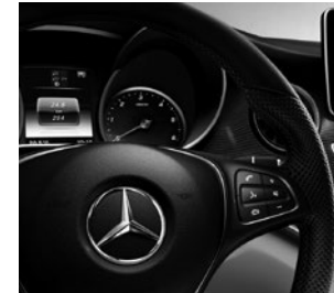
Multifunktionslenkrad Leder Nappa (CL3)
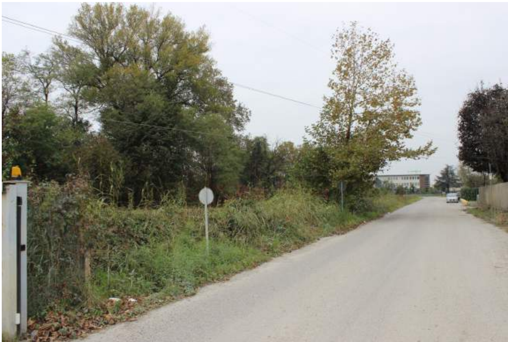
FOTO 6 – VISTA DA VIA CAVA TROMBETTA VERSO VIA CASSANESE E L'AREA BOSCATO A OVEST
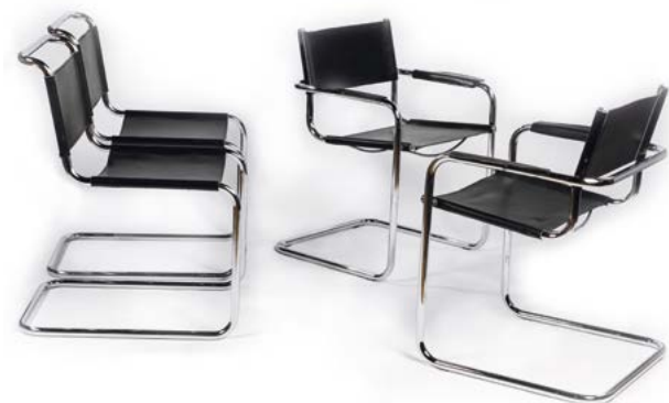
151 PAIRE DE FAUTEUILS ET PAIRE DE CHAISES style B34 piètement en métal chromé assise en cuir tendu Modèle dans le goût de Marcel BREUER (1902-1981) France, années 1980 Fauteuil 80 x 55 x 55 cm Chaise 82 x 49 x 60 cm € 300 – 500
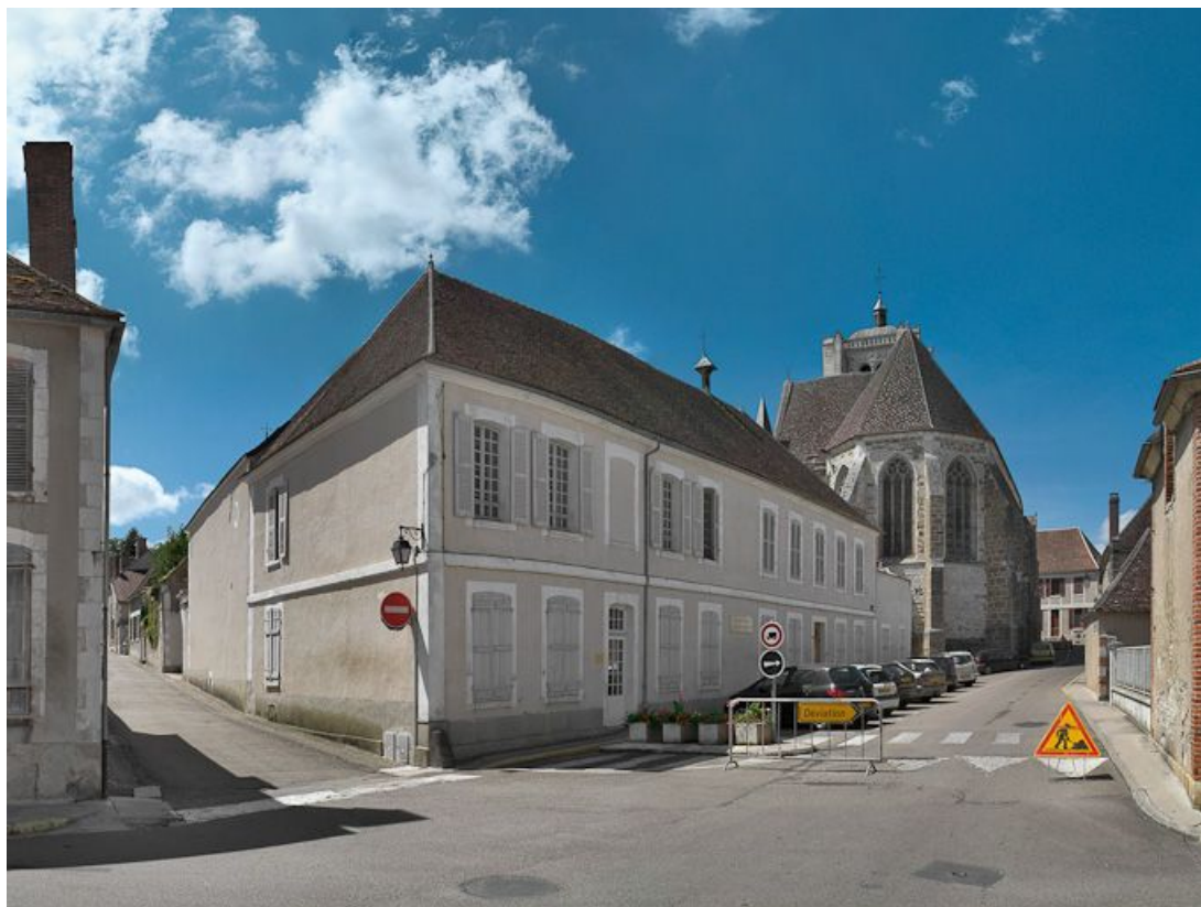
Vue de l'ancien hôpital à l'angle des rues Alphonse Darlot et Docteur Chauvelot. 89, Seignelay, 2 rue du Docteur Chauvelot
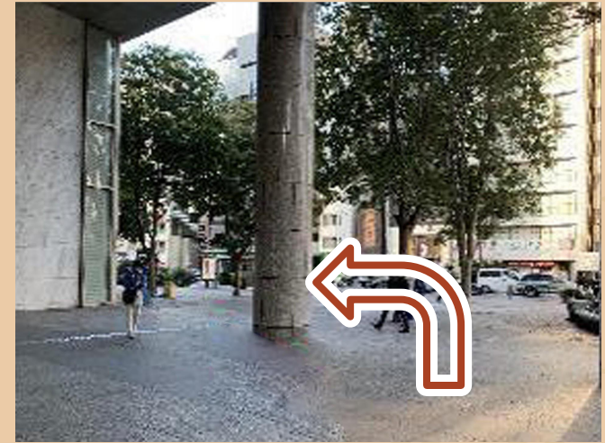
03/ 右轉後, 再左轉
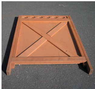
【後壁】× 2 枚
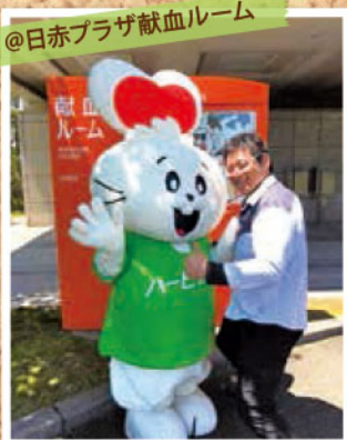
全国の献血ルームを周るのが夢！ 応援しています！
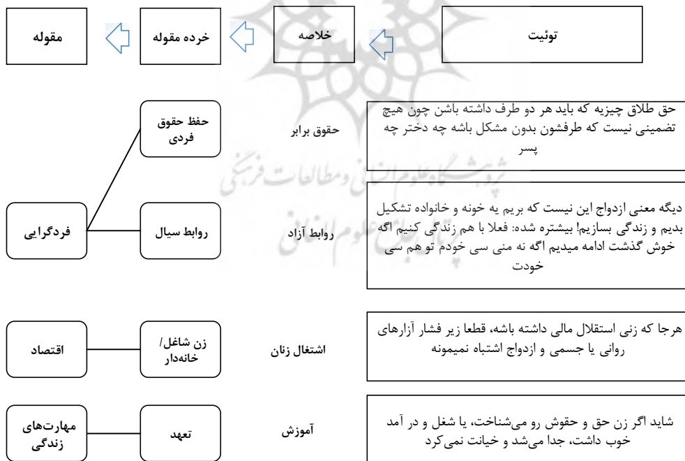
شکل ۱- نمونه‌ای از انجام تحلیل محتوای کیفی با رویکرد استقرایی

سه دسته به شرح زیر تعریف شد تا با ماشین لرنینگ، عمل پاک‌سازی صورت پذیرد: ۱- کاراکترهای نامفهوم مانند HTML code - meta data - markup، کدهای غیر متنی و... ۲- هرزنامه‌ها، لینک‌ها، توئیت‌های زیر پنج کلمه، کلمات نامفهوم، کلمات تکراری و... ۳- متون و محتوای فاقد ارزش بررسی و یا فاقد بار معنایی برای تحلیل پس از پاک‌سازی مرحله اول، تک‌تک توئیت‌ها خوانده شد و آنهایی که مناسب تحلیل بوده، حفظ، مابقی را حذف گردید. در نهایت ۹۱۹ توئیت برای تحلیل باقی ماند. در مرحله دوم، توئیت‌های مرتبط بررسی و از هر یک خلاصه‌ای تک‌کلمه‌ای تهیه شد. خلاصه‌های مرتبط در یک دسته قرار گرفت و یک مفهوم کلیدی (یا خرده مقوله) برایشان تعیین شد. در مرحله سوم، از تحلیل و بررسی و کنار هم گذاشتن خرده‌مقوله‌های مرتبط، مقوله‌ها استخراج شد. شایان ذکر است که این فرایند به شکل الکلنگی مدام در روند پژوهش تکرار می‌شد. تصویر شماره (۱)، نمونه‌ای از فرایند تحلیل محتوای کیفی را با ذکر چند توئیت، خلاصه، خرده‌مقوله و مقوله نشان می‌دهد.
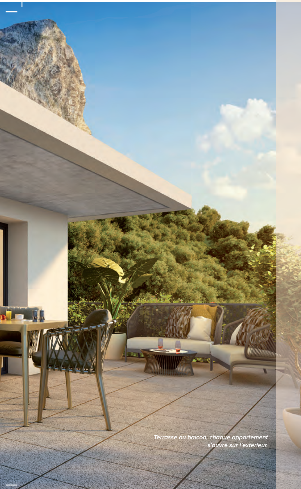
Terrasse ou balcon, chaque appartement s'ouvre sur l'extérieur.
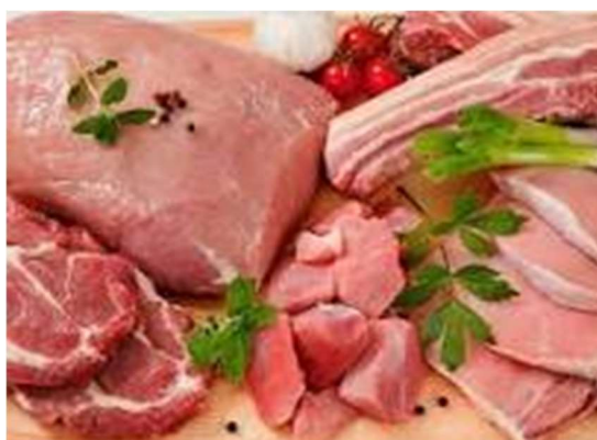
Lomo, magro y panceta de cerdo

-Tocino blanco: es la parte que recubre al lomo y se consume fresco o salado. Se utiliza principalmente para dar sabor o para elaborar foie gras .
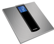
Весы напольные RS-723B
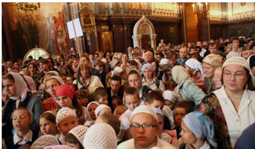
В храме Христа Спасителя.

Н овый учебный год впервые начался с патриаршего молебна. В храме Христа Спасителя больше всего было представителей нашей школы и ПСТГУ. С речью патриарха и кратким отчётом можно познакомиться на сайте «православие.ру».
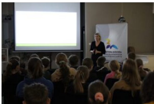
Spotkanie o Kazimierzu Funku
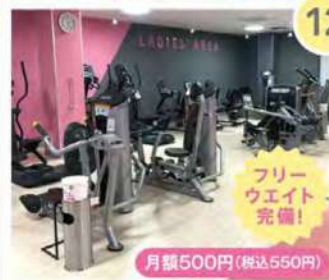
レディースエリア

▶ Task goal
Your task is to return the entries above exactly, with no pictures.

▶ Solution
Multifunktionslenkrad Leder Nappa (CL3)
FOTO 6 – VISTA DA VIA CAVA TROMBETTA VERSO VIA CASSANESE E L'AREA BOSCATO A OVEST
151 PAIRE DE FAUTEUILS ET PAIRE DE CHAISES style B34 piètement en métal chromé assise en cuir tendu Modèle dans le goût de Marcel BREUER (1902-1981) France, années 1980 Fauteuil 80 x 55 x 55 cm Chaise 82 x 49 x 60 cm € 300 – 500
Vue de l'ancien hôpital à l'angle des rues Alphonse Darlot et Docteur Chauvelot. 89, Seignelay, 2 rue du Docteur Chauvelot
03/ 右轉後, 再左轉
【後壁】× 2 枚
全国の献血ルームを周るのが夢！ 応援しています！
شکل ۱- نمونه‌ای از انجام تحلیل محتوای کیفی با رویکرد استقرایی

سه دسته به شرح زیر تعریف شد تا با ماشین لرنینگ، عمل پاک‌سازی صورت پذیرد: ۱- کاراکترهای نامفهوم مانند HTML code - meta data - markup، کدهای غیر متنی و... ۲- هرزنامه‌ها، لینک‌ها، توئیت‌های زیر پنج کلمه، کلمات نامفهوم، کلمات تکراری و... ۳- متون و محتوای فاقد ارزش بررسی و یا فاقد بار معنایی برای تحلیل پس از پاک‌سازی مرحله اول، تک‌تک توئیت‌ها خوانده شد و آنهایی که مناسب تحلیل بوده، حفظ، مابقی را حذف گردید. در نهایت ۹۱۹ توئیت برای تحلیل باقی ماند. در مرحله دوم، توئیت‌های مرتبط بررسی و از هر یک خلاصه‌ای تک‌کلمه‌ای تهیه شد. خلاصه‌های مرتبط در یک دسته قرار گرفت و یک مفهوم کلیدی (یا خرده مقوله) برایشان تعیین شد. در مرحله سوم، از تحلیل و بررسی و کنار هم گذاشتن خرده‌مقوله‌های مرتبط، مقوله‌ها استخراج شد. شایان ذکر است که این فرایند به شکل الکلنگی مدام در روند پژوهش تکرار می‌شد. تصویر شماره (۱)، نمونه‌ای از فرایند تحلیل محتوای کیفی را با ذکر چند توئیت، خلاصه، خرده‌مقوله و مقوله نشان می‌دهد.
Terrasse ou balcon, chaque appartement s'ouvre sur l'extérieur.
Lomo, magro y panceta de cerdo

-Tocino blanco: es la parte que recubre al lomo y se consume fresco o salado. Se utiliza principalmente para dar sabor o para elaborar foie gras .
Весы напольные RS-723B
В храме Христа Спасителя.

Н овый учебный год впервые начался с патриаршего молебна. В храме Христа Спасителя больше всего было представителей нашей школы и ПСТГУ. С речью патриарха и кратким отчётом можно познакомиться на сайте «православие.ру».
Spotkanie o Kazimierzu Funku
レディースエリア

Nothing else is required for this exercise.